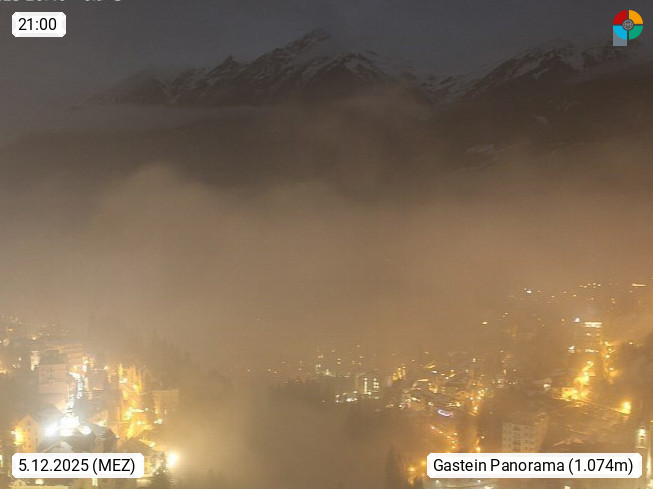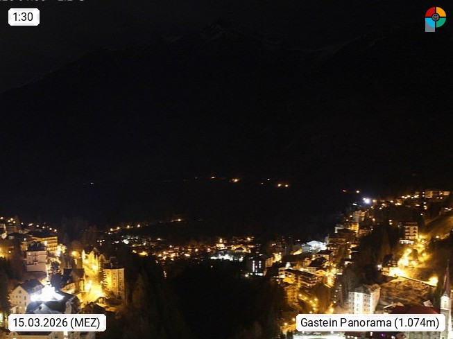 Bad Gastein 1.002m, Kurbad und Wintersportort im Gasteinertal am Fuß des Graukogels. Panoramablick über das Ortszentrum Richtung Nordost. Präsentiert von https://www.gasteinertal.com/.
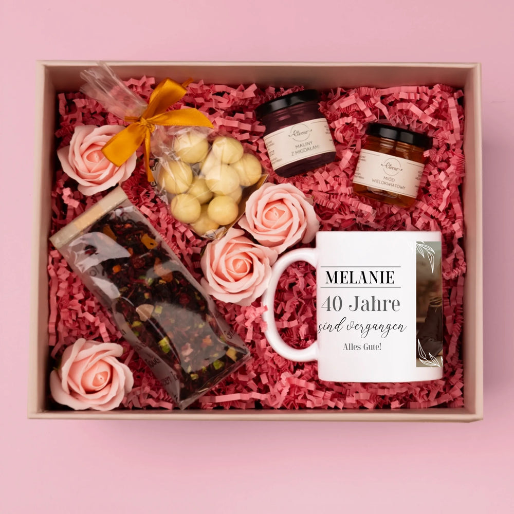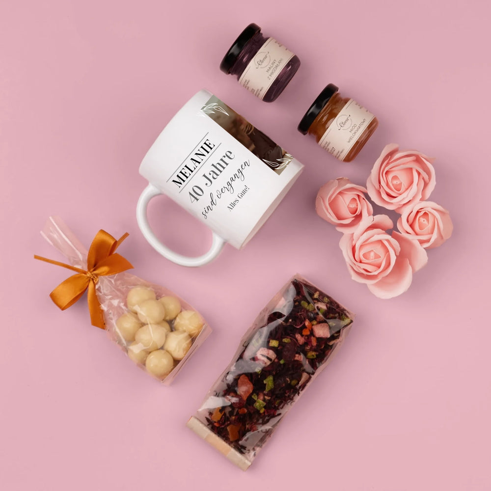 Fotocollage: 40 Jahre Vergangen - Geschenkset mit Tasse, Tee und Süßigkeiten
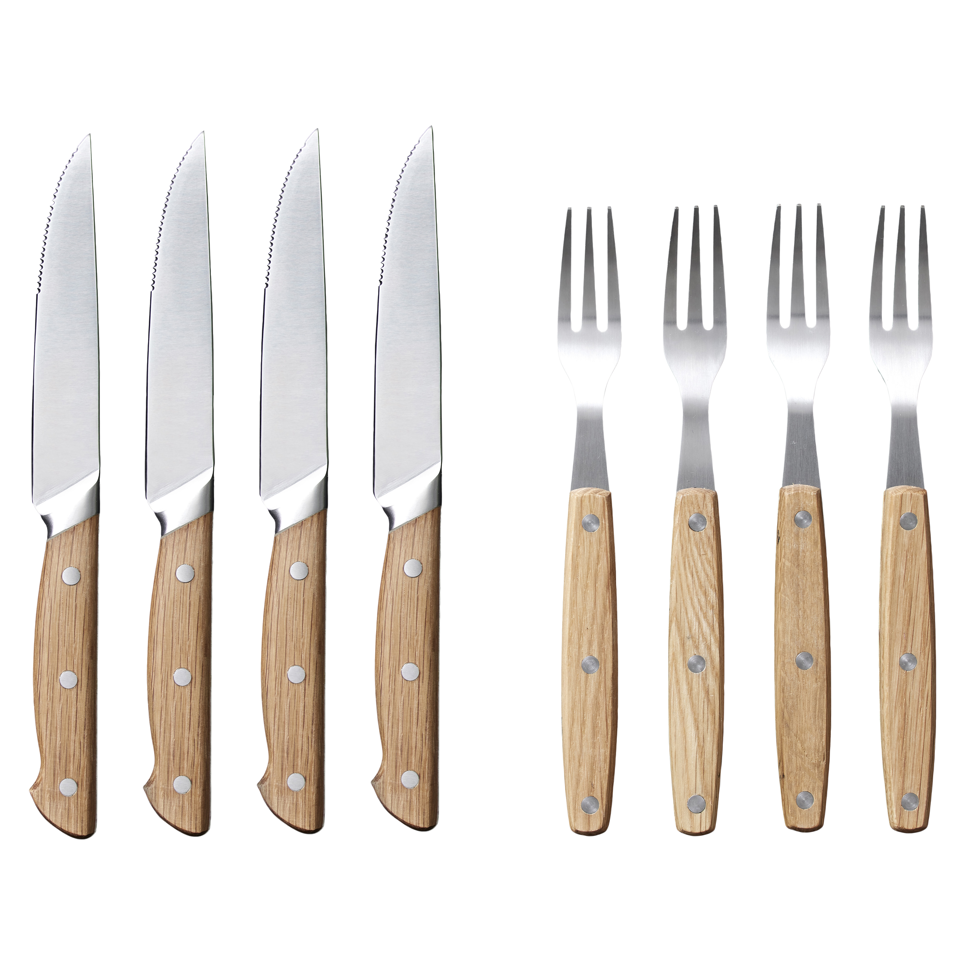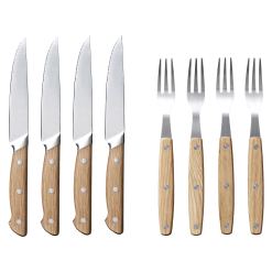 Bestiksæt med 4 steakknive og 4 steakgafler. Sættet er velegnet til udskæring af en god bøf. Det kan også bruges til en lækker pizza.
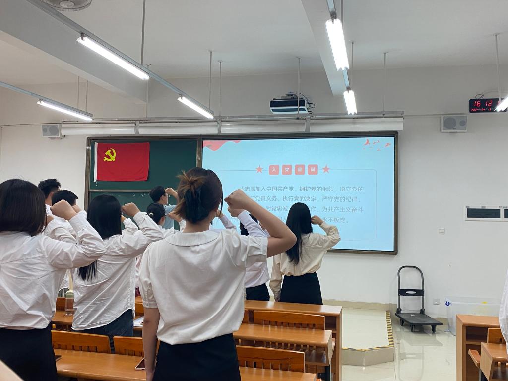 活动伊始,在党总支副书记杨帮琰的领誓下,学生第一党支部、学生第二党支部的7名新党员进行了入党宣誓,其他党员同步重温了入党誓词。党员们高举右手,声音洪亮,誓言铿锵有力,彰显了党员们对党的忠诚和对人民的担当。
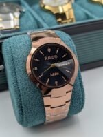 This Rado timepiece is part of the brand’s line of watches known for their use of high-tech ceramic and scratch-resistant materials. The watch features a rose gold-colored case and an integrated bracelet, giving it a seamless, contemporary look. The “Jubilé” marking on the dial indicates the use of diamonds as hour markers, adding a touch of luxury to its minimalist design.
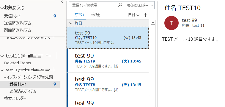 test09(訴訟ホールド未設定)の場合1.TESTメール作成直後
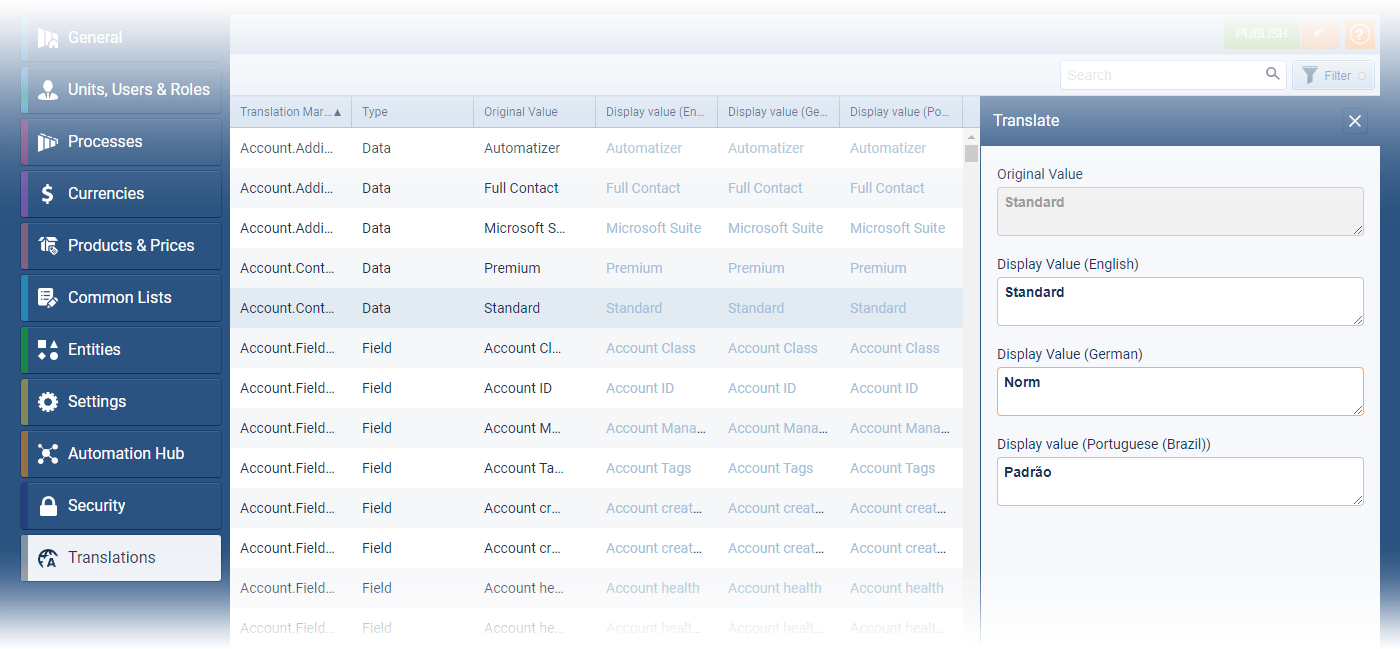 Admins can also define new “Translation Markers” in Portuguese from the “Translations” tab in the “Admin Module“. ⤵
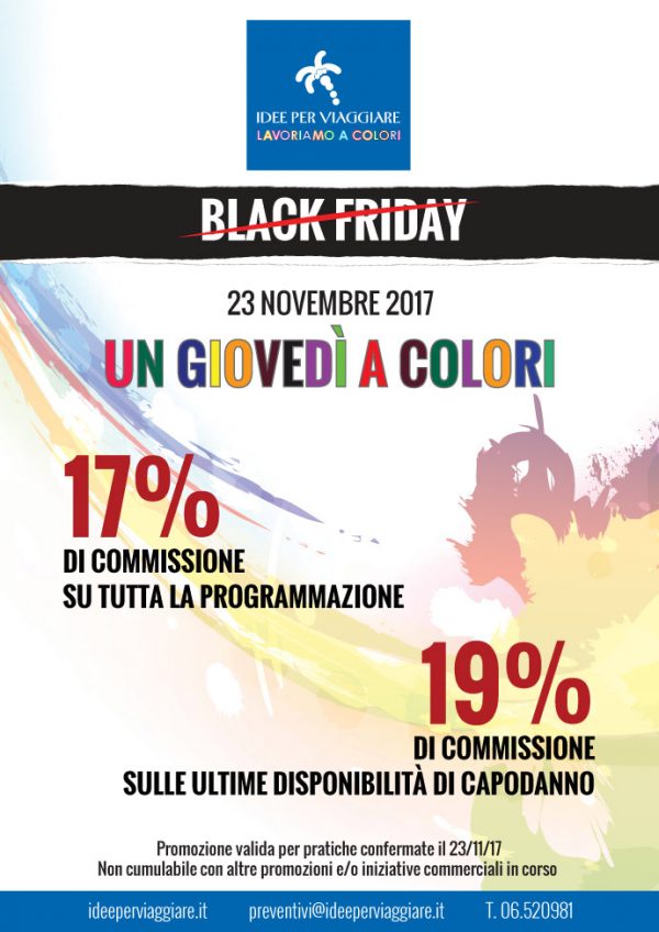 Idee per Viaggiare lancia la controffensiva sul fronte delle prenotazioni parafrasando il concetto di “black friday” il venerdì nero, giornata dedicata a sconti da capogiro in tutti i grandi magazzini, e non solo, del mondo anglosassone. «Vogliamo festeggiare insieme a tutte le agenzie che offrono i nostri viaggi una giornata a colori, riconoscendo commissioni speciali solo oggi 23 novembre – ha dichiarato Roberto Maccari, co-owner del tour operator – “Lavoriamo a Colori” è il nostro payoff e dunque invece di un “venerdì nero” proponiamo un gioioso “giovedì a colori”». L’occasione è ghiotta per tutti gli agenti di viaggio che potranno contare sulla commissione del 17% su tutto il prodotto Idee per Viaggiare e del 19% sulle ultime disponibilità per il periodo delle feste natalizie e del Capodanno 2018, l’importante è che le prenotazioni siano inviate entro oggi, 23 novembre.
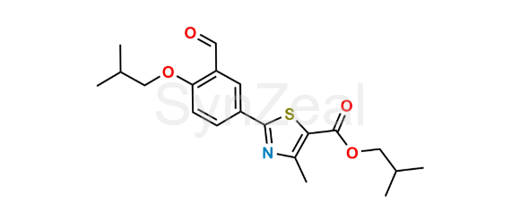 3-Descyano-3-Formyl Febuxostat Isobutyl Ester is chemically Isobutyl 2-(3-formyl-4-isobutoxyphenyl)-4-methylthiazole-5-carboxylate. 3-Descyano-3-Formyl Febuxostat Isobutyl Ester is supplied with detailed characterization data compliant with regulatory guideline. 3-Descyano-3-Formyl Febuxostat Isobutyl Ester can be used for the analytical method development, method validation (AMV), Quality Controlled (QC) application for Abbreviated New Drug Application (ANDA) or during commercial production of Febuxostat.
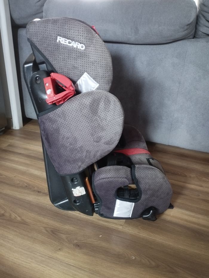 Siège auto de marque recaro, pouvant être de 9 a 18kg avec les ceintures intégrées puis de 18kg a 36kg avec les voitures de la voiture. Têtière réglable pour plus de confort selon lage de l'enfant couleur gris alcantara et rouge en très bon état (juste un petit défaut sur le tissu du cache ceinture mais vraiment léger). Siège auto toujours bien entretenu et lavé. La catégorie sera modifiée avant le paiement pour moins cher de frais de port.
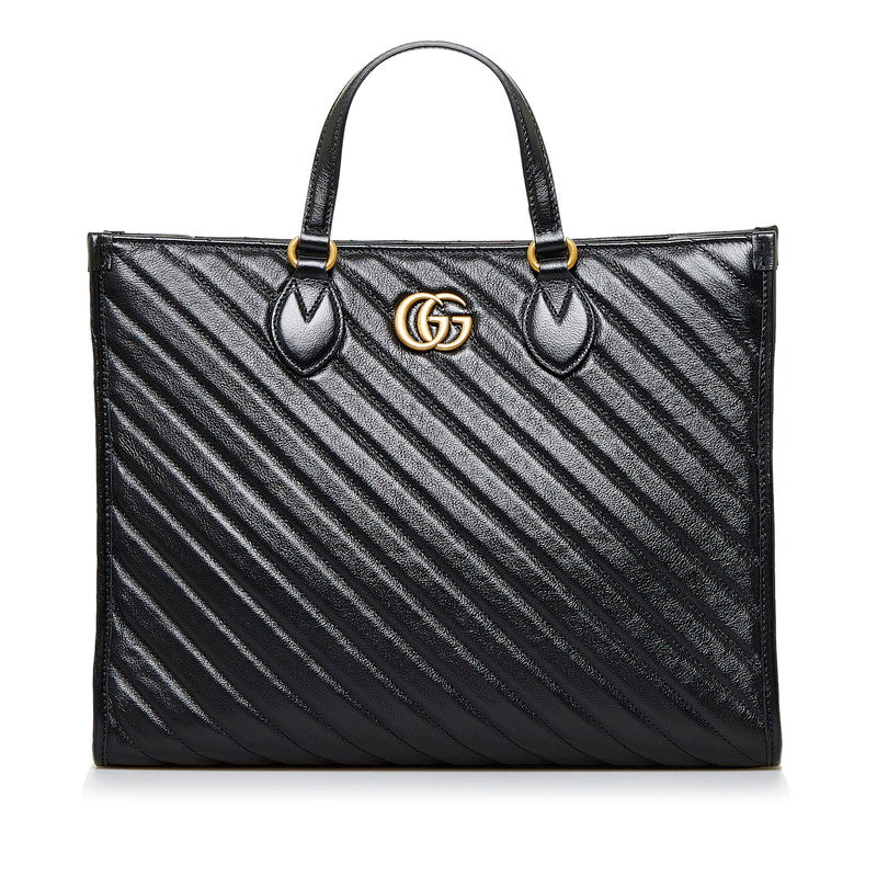 グッチ GGマーモント ハンドバッグ ショルダーバッグ 2WAY 627332 ブラック ゴールド レザー レディース GUCCI 【中古】

**BRIEF**
From the opening line of the listing above through the line bearing "活动伊始,在党总支副书记杨帮", repeat each line exactly. Drop every picture.

**TASK RESPONSE**
 Bad Gastein 1.002m, Kurbad und Wintersportort im Gasteinertal am Fuß des Graukogels. Panoramablick über das Ortszentrum Richtung Nordost. Präsentiert von https://www.gasteinertal.com/.
 Fotocollage: 40 Jahre Vergangen - Geschenkset mit Tasse, Tee und Süßigkeiten
 Bestiksæt med 4 steakknive og 4 steakgafler. Sættet er velegnet til udskæring af en god bøf. Det kan også bruges til en lækker pizza.
 活动伊始,在党总支副书记杨帮琰的领誓下,学生第一党支部、学生第二党支部的7名新党员进行了入党宣誓,其他党员同步重温了入党誓词。党员们高举右手,声音洪亮,誓言铿锵有力,彰显了党员们对党的忠诚和对人民的担当。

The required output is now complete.